If you answered 'double' and 'float' then you score one point for youthful idealism, but zero points for correctness. The correct answer, for zero-idealism points and forty two correctness points is "it depends". It depends. It depends on the compiler, the compiler version, the compiler settings, 32-bit versus 64-bit, and the run-time state of some CPU flags. And, this 'it depends' behavior can affect both performance and, in some cases, the calculated results. How exciting! Previously on this channel… If you're just joining us then you may find it helpful to read some of the earlier posts in this series.

  • 1: Tricks With the Floating-Point Format – an overview of the float format

  • 2: Stupid Float Tricks – incrementing the integer representation

  • 3: Don't Store That in a Float – a cautionary tale about time

  • 3b: They sure look equal… – special bonus post (not on altdevblogaday)

  • 4: Comparing Floating Point Numbers, 2012 Edition

  • 5: Float Precision—From Zero to 100+ Digits

  • 5b: C++ 11 std::async for Fast Float Format Finding – special bonus post (not on altdevblogaday)

  • 6: Intermediate Precision – (return *this;)
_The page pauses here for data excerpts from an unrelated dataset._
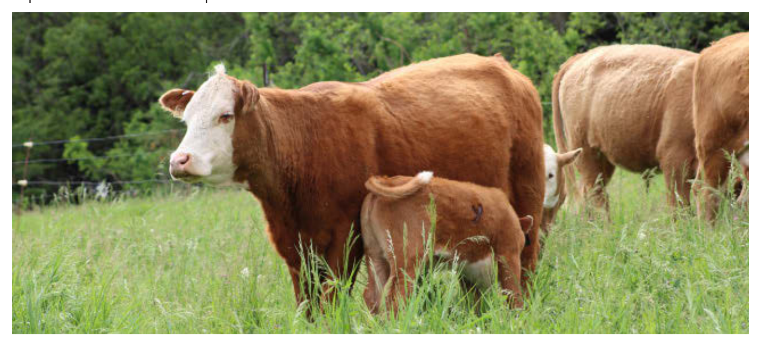
Prescribed grazing is one method producers use to improve the resiliency of their pastures. In times of drought, this practice can help ensure producers do not overgraze while maintaining the health of their livestock.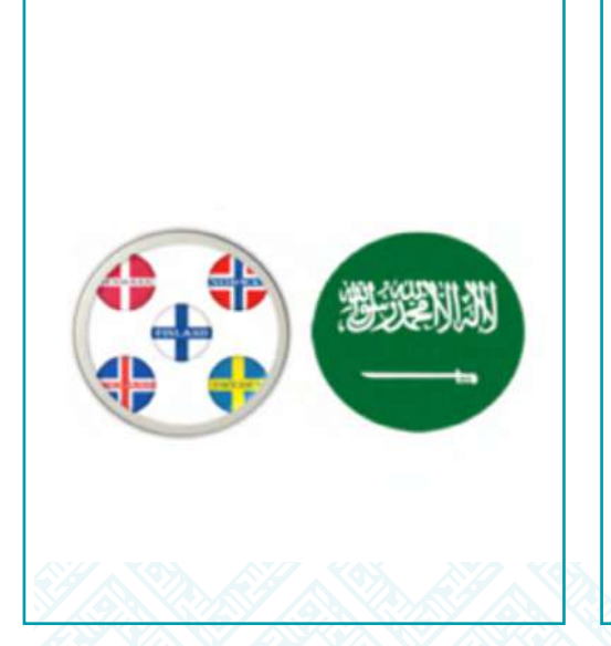
Nordic Countries & Saudi Arabia Relations

ASEAN & GCC Countries Relations September 2024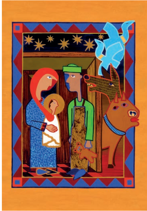
2. The birth of Jesus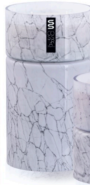
GL IDHLI 150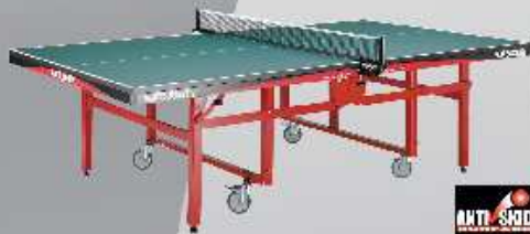
B4-16 Centrefold Rollaway 25

Top quality model ideally suited for the club or sports centre. 25mm playing surface with Anti Skid technology, strong undercarriage. Available in green or blue.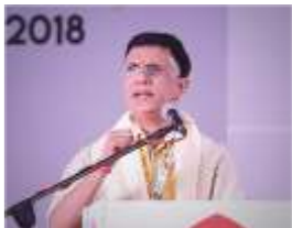
Shri Pawan Khera Senior Leader, Indian National Congress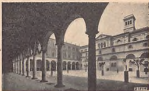
Rome. — A view of the Courtyard of the Sacred Heart Hospice.

(1) Two million Italian lire were needed to build the church, and another million and a half to build the hospice; figures, which in times of such difficulty as were those in which the work was done, speak for themselves!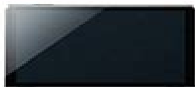
Nintendo Switch™ Console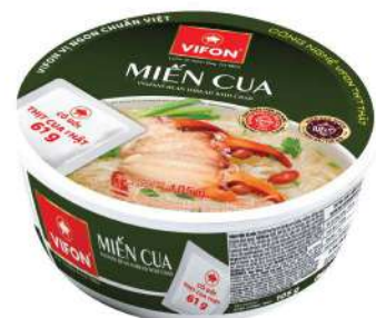
MT01 Real Crab (105 g) Vrai crabe (105 g)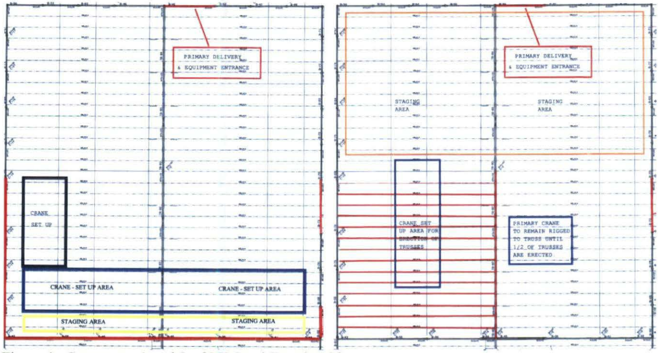
Figure 1: Sequences 1 and 2 of IEI Steel Erection Plan

The partial structure collapsed on June 17, 2012 at 5:15 PM during a period of high winds. Based on data collected about 400 yards from OSE2, the sustained wind speed during this period was over 40 miles per hour with gusts over 60 miles per hour. Wind speeds of this magnitude are expected at NRF and are bounded by the specification requirement of 96 miles per hour. Figure 2 shows the partially-erect OSE2 structure before and after the collapse.

Post 4 (Comparing Floating Point Numbers) is particularly relevant because its test code legitimately prints different results with different compilers. Default x86 code The obvious place to start is with a default VC++ project. Let's look at the results for the release build of a Win32 (x86) project with the default compiler settings except for turning off Link Time Code Generation (LTCG). Here's the generated code:

?MulDouble@@YAXNNPAN@Z push ebp mov ebp, esp fld QWORD PTR _x$[ebp] mov eax, DWORD PTR _pResult$[ebp] fmul QWORD PTR _y$[ebp] fstp QWORD PTR [eax] pop ebp ret 0 ?MulFloat@@YAXMMPAM@Z push ebp mov ebp, esp fld DWORD PTR _x$[ebp] mov eax, DWORD PTR _pResult$[ebp] fmul DWORD PTR _y$[ebp] fstp DWORD PTR [eax] pop ebp ret 0

It's interesting that the code for MulDouble and MulFloat is identical except for size specifiers on the load and store instructions. These size specifiers just indicate whether to load/store a float or double from memory. Either way the fmul is done at "register precision". Register precision By default a 32-bit VC++ x86 project generates x87 code for floating-point operations, as shown above. The peculiar x87 FPU has eight registers, and people will usually tell you that 'register precision' on this FPU means 80-bit precision. These people are wrong. Mostly. It turns out that the x87 FPU has a precision setting. This can be set to 24-bit (float), 53-bit (double), or 64-bit (long double). VC++ hasn't supported long double for a while so it initializes the FPU to double precision during thread startup. This means that every floating-point operation on the x87 FPU – add, multiply, square root, etc. – is done to double precision by default, albeit in 80-bit registers.The registers are 80 bits, but every operation is rounded to double precision before being stored in the register. Except even that is not quite true. The mantissa is rounded to a double-precision compatible 53 bits, but the exponent is not, so the precision is double compatible but the range is not. In the x87 register diagram below blue is the sign bit, pink is the exponent, and green is the mantissa. The full exponent is always used, but when the rounding is set to 24-bit then only the light green mantissa is used. When the rounding is set to 53-bit then only the light and medium green mantissa bits are used, and when 64-bit precision is requested the entire mantissa is used.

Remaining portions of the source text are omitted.